_What the exercise asks_
Lines below starting with the line with "下文将为大家展示甘肃省大学制药工程专业2023年在甘肃高考的最低录取分数线!" and going on through the line with "Ridgeway Research(리지웨이 리서치)" must be output exactly; the rest of the records must be left out.

_The input_
▼

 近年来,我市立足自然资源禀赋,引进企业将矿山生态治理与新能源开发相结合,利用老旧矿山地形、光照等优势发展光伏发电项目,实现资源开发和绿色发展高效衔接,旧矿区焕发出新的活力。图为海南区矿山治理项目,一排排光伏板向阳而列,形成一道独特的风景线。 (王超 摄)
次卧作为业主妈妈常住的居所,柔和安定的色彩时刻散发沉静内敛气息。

▲
▼

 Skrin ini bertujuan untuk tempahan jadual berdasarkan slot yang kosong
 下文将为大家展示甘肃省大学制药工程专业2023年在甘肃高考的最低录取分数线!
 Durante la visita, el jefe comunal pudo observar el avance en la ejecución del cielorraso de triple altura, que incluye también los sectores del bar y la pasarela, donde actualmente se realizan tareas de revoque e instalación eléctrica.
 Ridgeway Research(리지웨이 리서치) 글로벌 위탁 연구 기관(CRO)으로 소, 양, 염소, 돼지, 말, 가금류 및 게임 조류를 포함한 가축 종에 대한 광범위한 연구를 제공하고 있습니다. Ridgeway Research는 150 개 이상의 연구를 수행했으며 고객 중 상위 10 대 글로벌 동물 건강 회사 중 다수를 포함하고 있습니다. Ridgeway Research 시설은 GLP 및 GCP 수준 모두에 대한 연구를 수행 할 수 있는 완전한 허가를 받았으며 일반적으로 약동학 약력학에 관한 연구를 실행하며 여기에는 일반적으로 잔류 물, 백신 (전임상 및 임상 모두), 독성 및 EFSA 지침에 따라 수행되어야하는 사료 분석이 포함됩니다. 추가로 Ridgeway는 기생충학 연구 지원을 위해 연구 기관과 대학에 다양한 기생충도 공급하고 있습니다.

▲

_Solution for this task_
 下文将为大家展示甘肃省大学制药工程专业2023年在甘肃高考的最低录取分数线!
 Durante la visita, el jefe comunal pudo observar el avance en la ejecución del cielorraso de triple altura, que incluye también los sectores del bar y la pasarela, donde actualmente se realizan tareas de revoque e instalación eléctrica.
 Ridgeway Research(리지웨이 리서치) 글로벌 위탁 연구 기관(CRO)으로 소, 양, 염소, 돼지, 말, 가금류 및 게임 조류를 포함한 가축 종에 대한 광범위한 연구를 제공하고 있습니다. Ridgeway Research는 150 개 이상의 연구를 수행했으며 고객 중 상위 10 대 글로벌 동물 건강 회사 중 다수를 포함하고 있습니다. Ridgeway Research 시설은 GLP 및 GCP 수준 모두에 대한 연구를 수행 할 수 있는 완전한 허가를 받았으며 일반적으로 약동학 약력학에 관한 연구를 실행하며 여기에는 일반적으로 잔류 물, 백신 (전임상 및 임상 모두), 독성 및 EFSA 지침에 따라 수행되어야하는 사료 분석이 포함됩니다. 추가로 Ridgeway는 기생충학 연구 지원을 위해 연구 기관과 대학에 다양한 기생충도 공급하고 있습니다.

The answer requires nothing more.